5. Gasoline prices have been shrinking during the past couple of months, but gasoline costs remain one of the most frustrating of our monthly expenses. Aside from trading in our car for a more fuel-efficient model, there's little that can be done beyond regular tune-ups and proper tire inflation to reduce our gasoline expenses.
To take a bit of the sting out of swiping a card at the pump every week, investors might want to consider investing in ExxonMobil (XOM 0.15%) or Chevron (CVX 0.47%), two of the globe's biggest oil and gas companies. Profit at those companies climbs when prices go up, but sags when prices fall. As a result, the recent drop in gasoline prices has taken shares in both companies lower, but that could prove to be an opportunity for long-term investors to sprinkle them into portfolios. After all, if lower prices force smaller, less financially sound oil companies to shutter production, both companies could benefit down the road, especially if they use weakness to buy oil fields on the cheap. In the meantime, investors in ExxonMobil or Chevron will be paid a solid dividend yield of 3% or 4%, respectively.

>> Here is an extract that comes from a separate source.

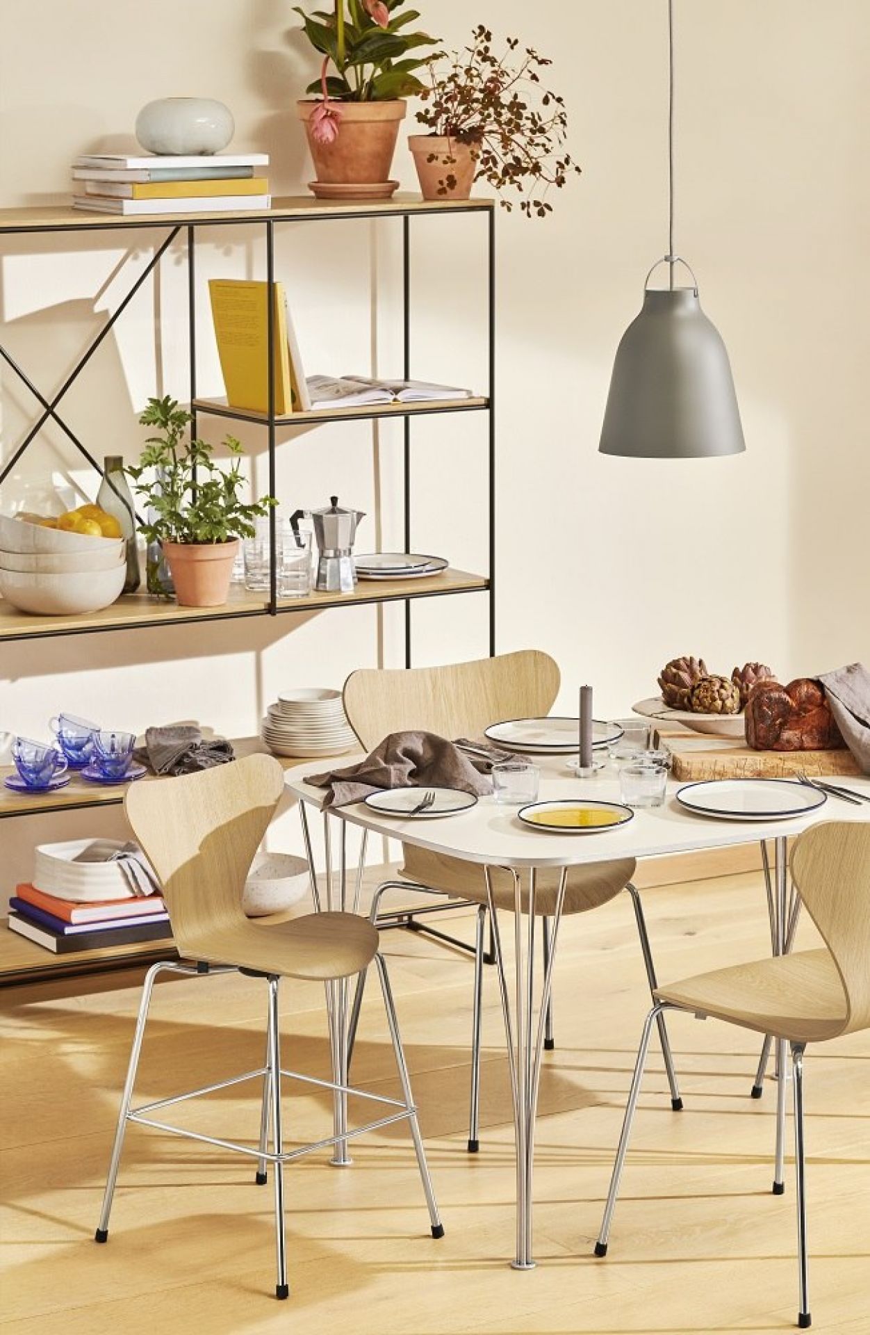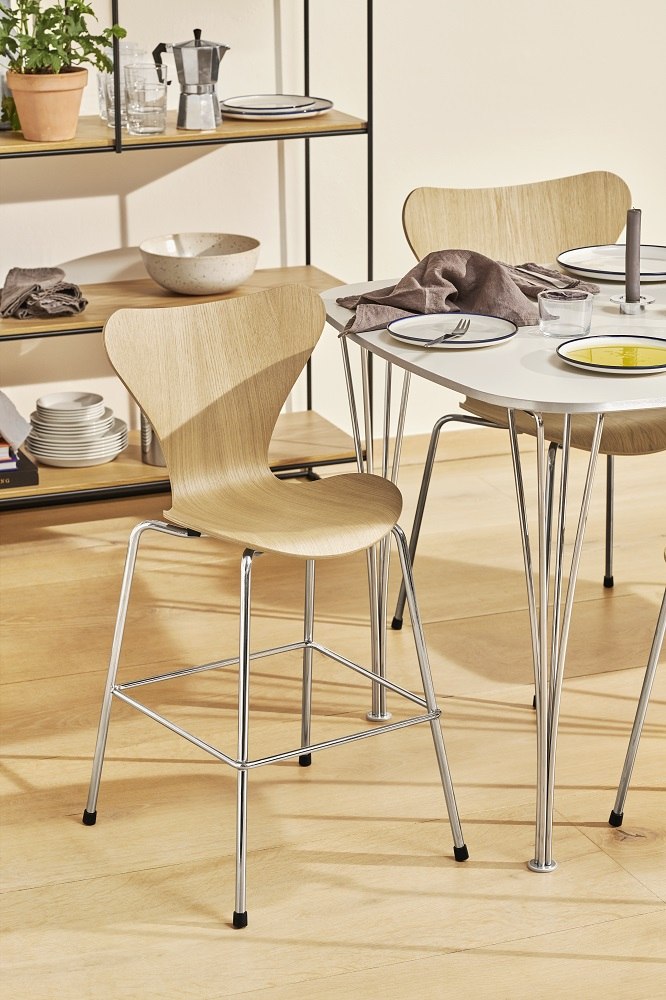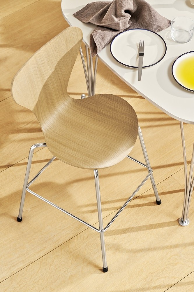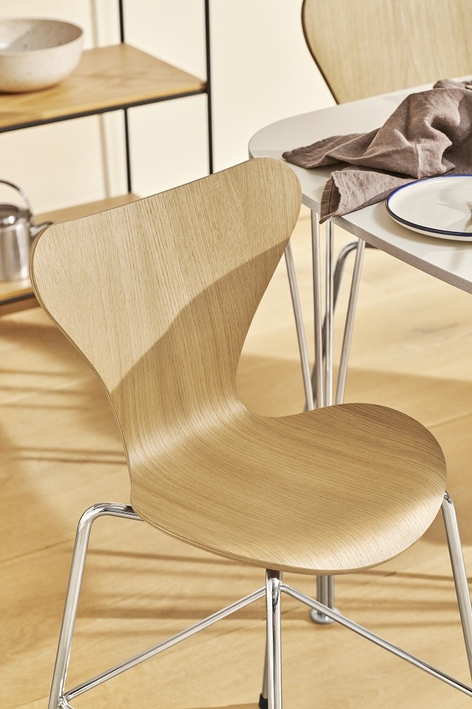 Als Ikone der Möbelgeschichte verdient die Serie 7 von Fritz Hansen besondere Beachtung – so verwundert es nicht, dass schon die Kleinsten an das formschöne und legendäre Design herangeführt werden. Mit dem Serie 7 Junior Kinderhochstuhl können die Kleinen einfach beim Abendessen mit am Tisch auf einem echten Designstuhl für Kinder sitzen.

6. Health insurance is one of the biggest monthly expenses facing Americans, and spending on hospitalization and medicine is likely to cause insurance premiums to climb higher now that baby boomers are getting older.
Investors looking to profit from that spending trend may want to consider taking a stake in either UnitedHealth Group (UNH 0.54%) or Anthem (ELV 0.19%). These two are among the biggest health insurers in the nation, and each is seeing revenue jump thanks to rising demand for Medicare plans and reform-driven insurance enrollment.
7. If you spend a lot of money on clothing or on hobbies, there are plenty of investment choices, too. Clothing is a bit discretionary, so sales tend to suffer when unemployment increases, but savvy shoppers may want to keep an eye on tried-and-true aspirational brands like Coach (TPR 2.47%). Shares in Coach have fallen 40% this year as margin has retreated, but with a reasonable balance sheet and an iconic brand, there could be an opportunity for long-term investors to buy shares on sale.
If ATVs or motorcycles are more your thing, two companies that might be a good fit for portfolios are Polaris (PII 2.13%) and Harley Davidson (HOG 2.21%). Last quarter, Polaris' revenue and earnings per share climbed 18.4% and 24.5%, respectively. Harley Davidson's sales and profit have stagnated this past year, but it remains one of the world's most-recognized and desirable brands, and is arguably not overvalued.